Correlation Between Fast Retailing and INDOFOOD AGRI
Can any of the company-specific risk be diversified away by investing in both Fast Retailing and INDOFOOD AGRI at the same time? Although using a correlation coefficient on its own may not help to predict future stock returns, this module helps to understand the diversifiable risk of combining Fast Retailing and INDOFOOD AGRI into the same portfolio, which is an essential part of the fundamental portfolio management process.
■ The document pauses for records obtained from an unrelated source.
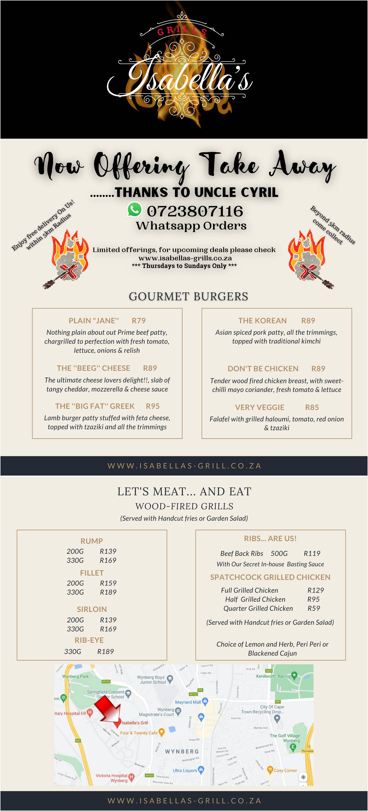 Isabella’s Grills is now offering a fantastic take-away & delivery menu!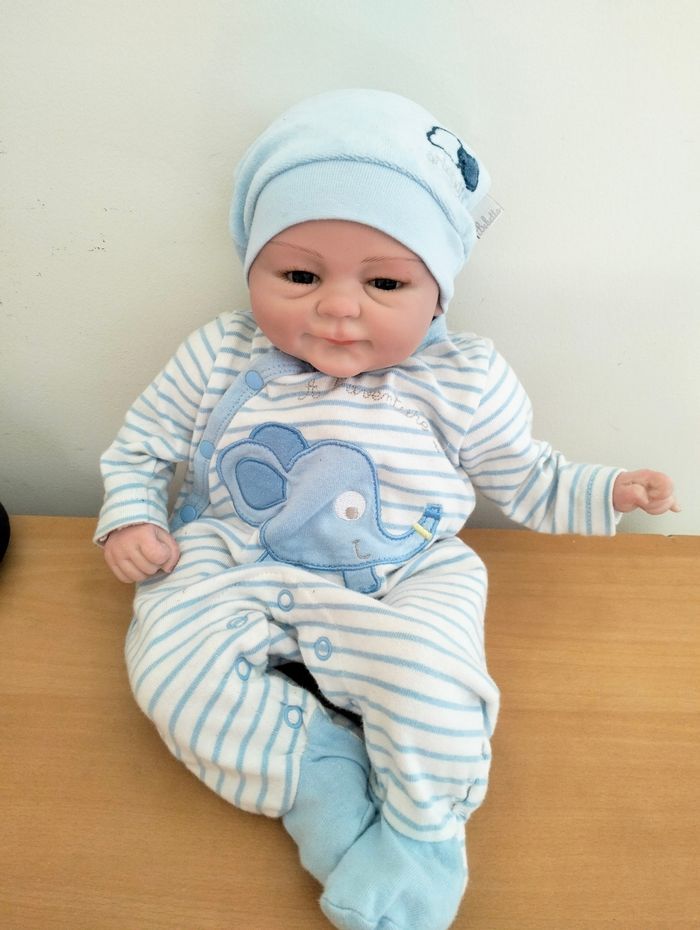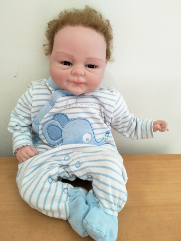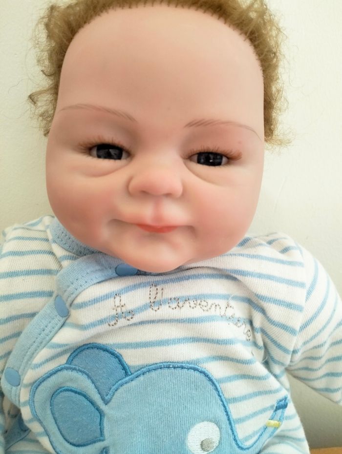 Bébé réaliste, son poids avec vêtements est de 690 kg et mesure 40 cm de la tête aux pieds. Je ne connais pas la marque, les vêtements qu'il utilise sont pour les bébés prématurés, je les ai un peu ajustés.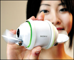 طوكيو، اليابانعارضة يابانية تعرض مشغل الموسيقى (رولي) بذاكرة سعة واحد جيجابايت وميكروفونات مركبة على جسم المشغل ذي الشكل البيضاوي. ومن المتوقع أن يصل هذا الجهاز الذي أنتجته شركة سوني إلى الأسواق بنهاية هذا الشهر.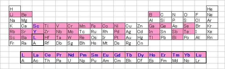 レアアースはレアメタルの一種ですって話になって じゃあレアメタルってなんですかってなったら 割りと法則性のない元素の名前があがって あれ?レアアースはアクチノイドを除いた第3族(左から3列目)って割りと硬派な定義があるのに レアメタルの定義ってずいぶん曖昧なんだな って思って、ちょっと表を作ってみました。 ピンク地がレアメタルで、その中の青字がレアアースです。 ちなみに周期表本体のLはランタノイド、Aはアクチノイドで、 それぞれ詳細は図の下部分の補助表参照になります。 なんだかレアメタルって、希ガス(右端)とハロゲン(右から2列目)を除くってこと以外に あんまり共通項ないですよね。 アルカリ金属(左端)、アルカリ土類金属(左から2列目)においても当てはまったりはまらなかったり (H水素、Naナトリウム、Mgマグネシウムは除いて、 Liリチウム、Beベリリウム、Rbルビジウム、Srストロンチウム、Csセシウム、Baバリウムは含むとか) 真性半導体元素は除くよってわけでもないですし (炭素Cは微妙ですが珪素Siは違うのにGeゲルマニウムは当てはまるとか) 真性半導体の不純物も除いていたり入っていたり (Bホウ素やGaガリウムは入ってるのにAlアルミは除くとか) おそらく、レアなメタル(金属)って程度の定義なんでしょう。 金(Au)・銀(Ag)・銅(Cu)とその右隣(亜鉛・カドミウム・水銀:Zn・Cd・Hg)がレアじゃないのはなんでしょうね 表の真ん中にいるから希ガス同様イオン化しにくく、単体で見つけやすいとかそんな理由でしょうか。 フランシウム(Fr)以降はまあ、重い元素でだいたいが放射性元素だからいらないよーって感じですか それにしてもH水素からCnコペルニシウムまでの112種類の元素中、 レアメタルが48種類って半数近いじゃないですか。 種類だけで見たら全然レアじゃないみたいに見えかねないですよね(笑) 中国のアレがきっかけで、脱レアアース工業とかって進みそうですけど 地球における埋蔵量はともかくとして やっぱりレアアースだからできることとか、レアアースだから容易だったことを レアアースなしでがんばってみようとかって、なんか効率悪くないですかね。 そんなん、バベられなかったらとでもいいますか(笑)国が1しかなかったら 起こらなかった問題かもしれませんし なんか無駄なことやってないかなーとか思ったりもしないでもないです。 新技術や新発見があるだろうってことを見越すと一概に無駄じゃないのかもしれませんが。 にほんブログ村
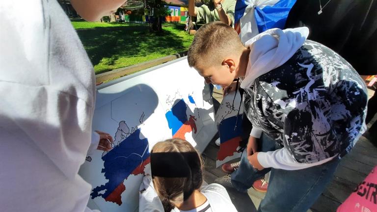 Особое внимание уделяется патриотическому воспитанию. Сейчас, например, в лагере проходит масштабный квест «Путешествие по карте России». Участники преодолевают испытания, демонстрируя свои творческие способности, силу и ловкость, чтобы в итоге воссоздать символическую карту страны, олицетворяющую её единство и богатое наследие.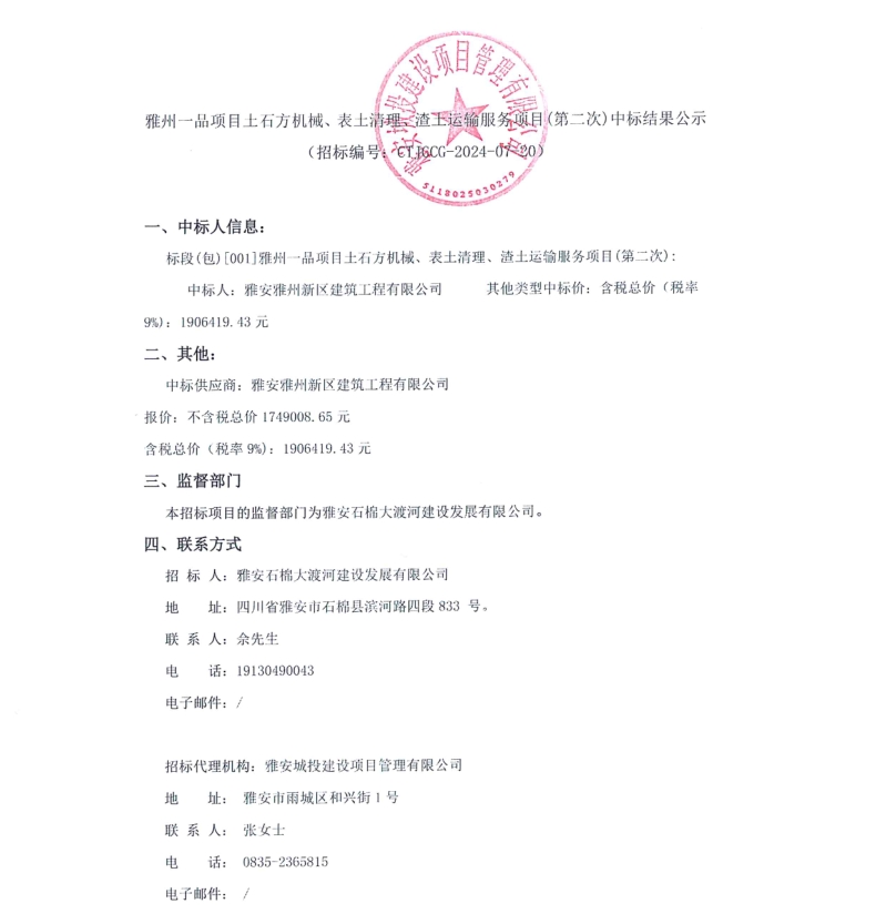 雅州一品項(xiàng)目土石方機(jī)械、表土清理、渣土運(yùn)輸服務(wù)項(xiàng)目(第二次)中標(biāo)結(jié)果公示

By analyzing existing cross correlation between Fast Retailing Co and INDOFOOD AGRI RES, you can compare the effects of market volatilities on Fast Retailing and INDOFOOD AGRI and check how they will diversify away market risk if combined in the same portfolio for a given time horizon. You can also utilize pair trading strategies of matching a long position in Fast Retailing with a short position of INDOFOOD AGRI. Check out your portfolio center. Please also check ongoing floating volatility patterns of Fast Retailing and INDOFOOD AGRI.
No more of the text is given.